Setting VNC password...
Starting VNC server...
Desktop 'TurboVNC: node805.host:1 (aadvorki)' started on display node805.host.edu:1
Log file is vnc.log
Successfully started VNC server on node805.host.edu:5901...
Script starting...
Starting websocket server...
+ sleep 5
+ xfwm4 --sm-client-disable
(xfwm4:3721310): xfwm4-CRITICAL **: 10:36:57.213: Xfconf could not be initialized
(xfwm4:3721310): xfwm4-WARNING **: 10:36:57.213: Missing data from default files
[websockify]: pid: 3721340 (proxying 47792 ==> localhost:5901)
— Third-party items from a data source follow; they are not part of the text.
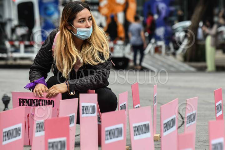 CIUDAD DE MÉXICO, 27JUNIO2024.- Una mujer coloca letreros con la palabra "feminicidio", durante el acto simbólico en las inmediaciones del Ángel de la Independencia por el 14 aniversario luctuoso de Mariana Lima Buendía. FOTO: MARIO JASSO/CUARTOSCURO.COM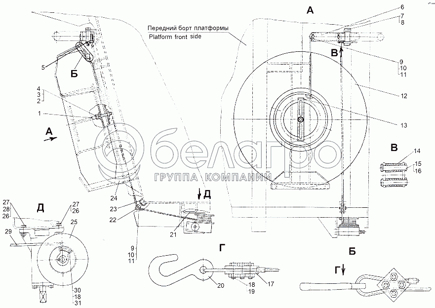 Каталог запасных частей к технике: МЗКТ-65151 "Волат". Установка подъемника запасного колеса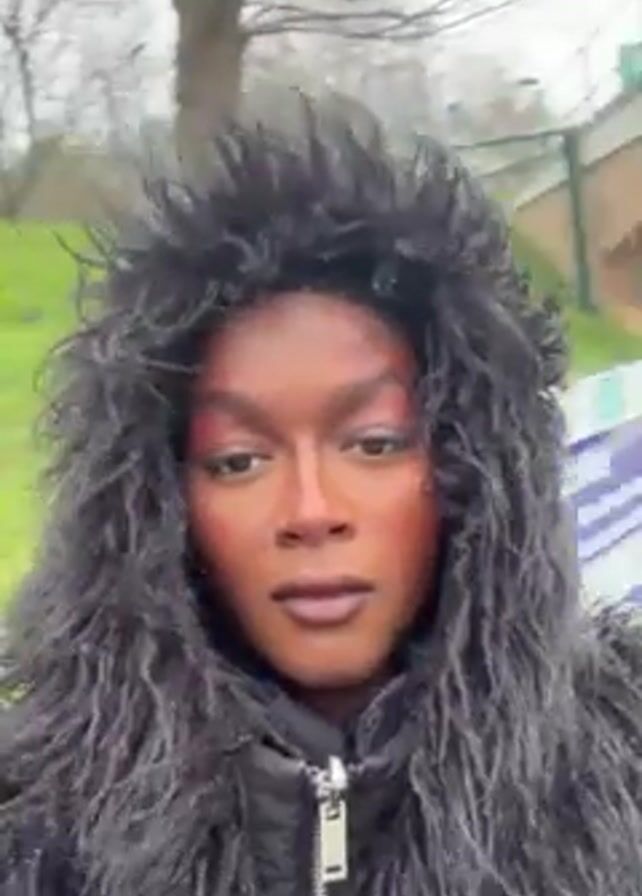 A person with dark skin and bold, stylized makeup is standing outside in an urban environment. The person is wearing a black hooded jacket with a shaggy faux fur trim around the hood. The person is looking directly at the camera with a neutral expression. The background includes trees, a grassy area, and a bridge or overpass structure. The sky is overcast and the lighting is muted, suggesting a cloudy day. The person appears to be standing still while recording a video.

[websockify]: log file: ./websockify.log
[websockify]: waiting ...
[websockify]: started successfully (proxying 47792 ==> localhost:5901)
Scanning VNC log file for user authentications...
Generating connection YAML file...
Cleaning up...
Killing Xvnc process ID 3721295
Not quite sure what this could be, but there maybe logs at ~/.xfce4-session.verbose-log* or similar. A google search appears to be indicating there’s some issue with your configuration?
You should have ~/.config/xfce4/ (and maybe -session too). Maybe try removing those directories to see if there’s some wrong config in your HOME?